Snyk is a Boston-based cybersecurity company specializing in cloud computing. It was founded in 2015 out of London and Tel Aviv with headquarters in Boston.

History
Snyk was founded in 2015 by Guy Podjarny (גיא פודחרני), Assaf Hefetz (אסף חפץ), and Danny Grander, (דני גרנדר) coming from Unit 8200, a SIGINT unit of the Israel Defense Forces. Guy Podjarny was initially the CEO, but in July 2019, he was succeeded by Peter McKay, one of the first investors.
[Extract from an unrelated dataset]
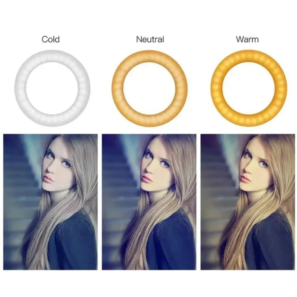 Позволяет настроить освещение и направить его на конкретный объект, для того что бы ваши видео и фото были идеальными. Внешний диаметр лампы – 9 см, внутренний – 5 см. Лампа для блогера имеет 3 типа освещения: холодный, теплый и нейтральный, а также 10 режимов интенсивности света в каждом из типов освещения. Диапазон температур – 2200-6500К.

Meanwhile, Podjarny became president and chairman of the Board of Directors. As of 2022, the company has approximately 1,400 employees. Headquartered in Boston, it also has offices in Tel Aviv, Ottawa, Zurich and London.
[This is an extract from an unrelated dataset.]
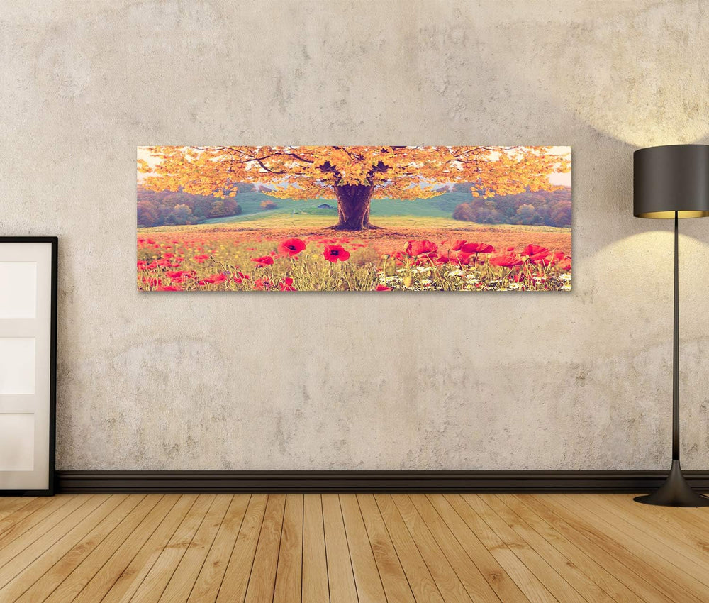 islandburner Bild auf Leinwand Schöne Landschaft Mohnblumen Baum Herbst Bilder Wandbilder Poster Lei
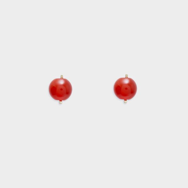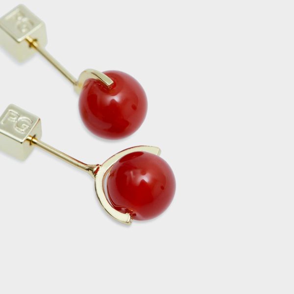 Pendientes bañados en oro con piedra cornalina engarzada. Cierre con tuerca a presión en forma de cubo.

In  2020, it was listed as 39th in the Forbes Cloud 100.

Acquisitions
Snyk has acquired a number of companies including DeepCode, Manifold, FossID and CloudSkiff.
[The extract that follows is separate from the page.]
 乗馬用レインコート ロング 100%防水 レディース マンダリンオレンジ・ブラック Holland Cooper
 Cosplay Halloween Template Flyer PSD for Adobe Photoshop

DeepCode provided what became Snyk Code, a product for static application security testing. Snyk Code is a cloud-based, AI-powered code review platform that checks, tests, and debugs code. It uses machine learning to check for mistakes in code. The platform currently supports Java, JavaScript, Python, and TypeScript.

FossID  brought in its expertise in scanning and looking for vulnerabilities in C/C++ applications, as well as the capability to identify pieces of code copied from the internet, e.g., from stackoverflow, which could contain vulnerabilities.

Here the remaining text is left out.